• An email trove confirms a hold on Ukraine military aid 91 minutes after Trump talked to Zelensky
  • The emails reveal a Trump appointee asking the freeze be kept secret
  • The revelations were made by a Trump appointee that rejected a subpoena to appear before the House

President Donald Trump moved to withhold $391 million in Congressionally-mandated military aid for Ukraine a scant 91 minutes after that infamous quid-pro-quo phone call with Ukrainian president Volodymyr Zelensky on July 25.

Newly acquired emails obtained under the Freedom of Information Act and a court order by the Center for Public Integrity (one of the largest investigative centers in the U.S.) confirm the White House acted in less than two hours to continue its freeze of the Ukraine Security Assistance Initiative funds it first put in place on July 18. The hold was ordered by acting White House chief of staff Mick Mulvaney. according to NBC News.

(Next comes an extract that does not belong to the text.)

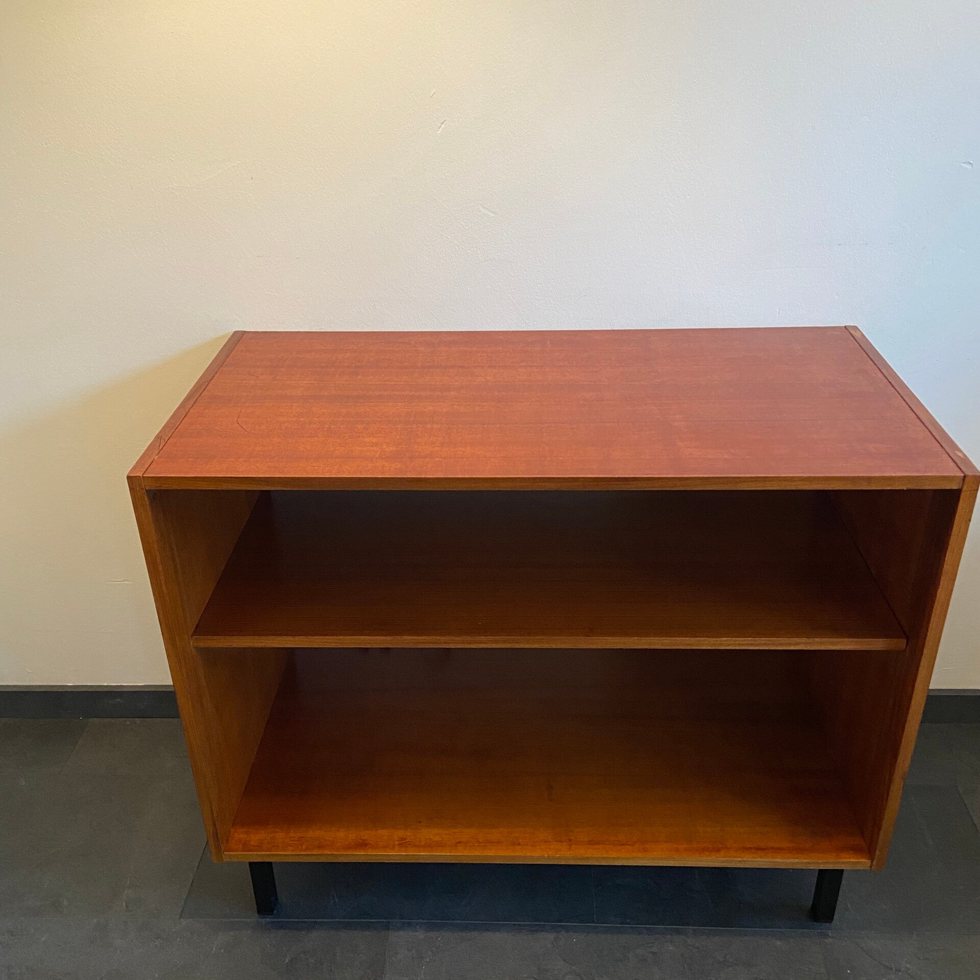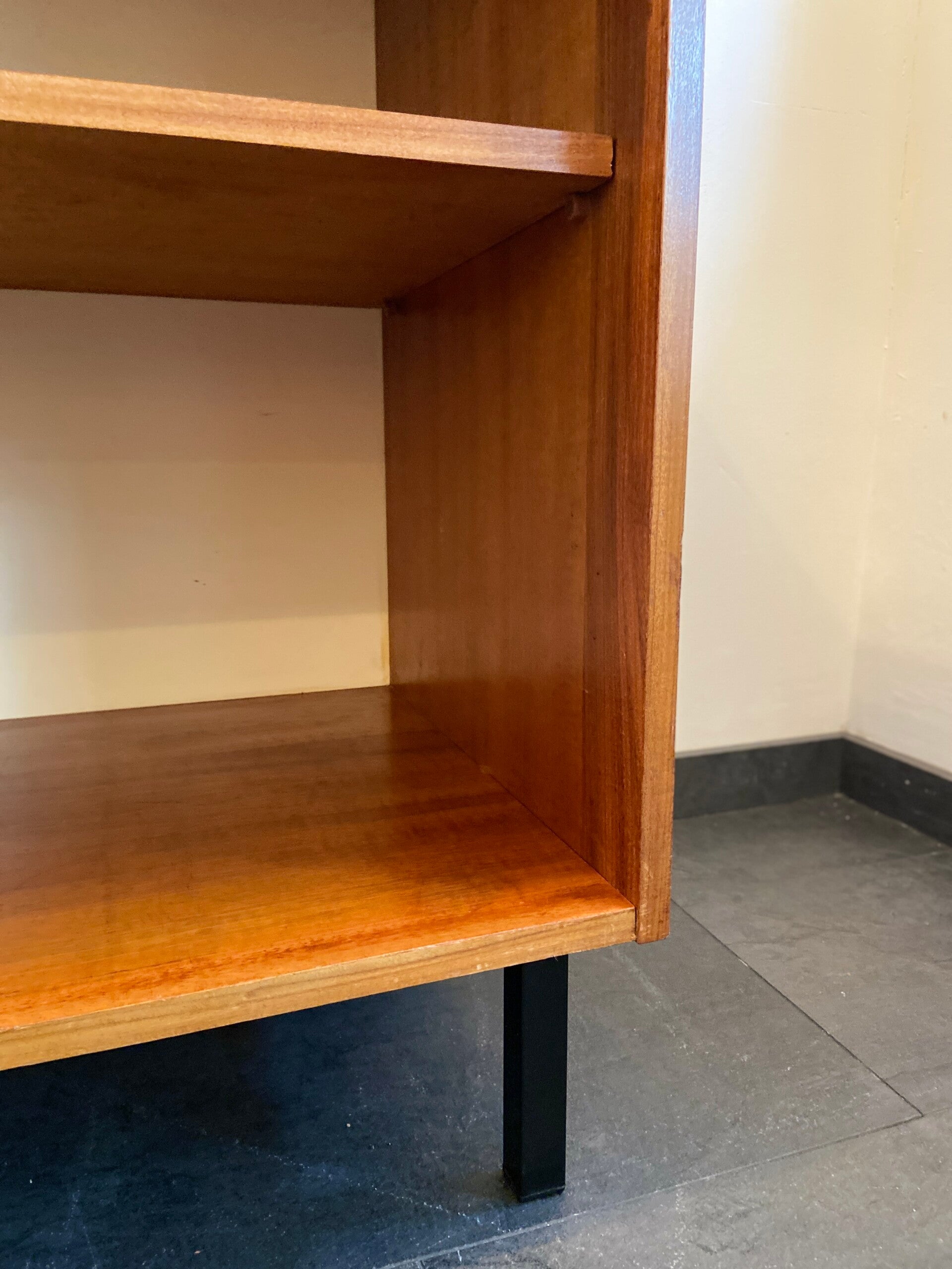 Platenkast/boekenkast van teakfineer op zwarte metalen poten

The frozen military funds were eventually released on September 11 but not after the anonymous whistleblower (a CIA officer) filed his complaint on August 12 with the Department of State. This complaint was later exposed by media and formed the starting point for Trump's impeachment by the House on December 18.

Testimonies by expert witnesses at the House intelligence and judiciary committees in November and December confirm Trump withheld the aid in order to pressure Zelensky to publicly announce a corruption investigation of former vice president Joe Biden and his son, Hunter. The investigations also confirmed Trump's quid pro quo with Zelensky to this effect.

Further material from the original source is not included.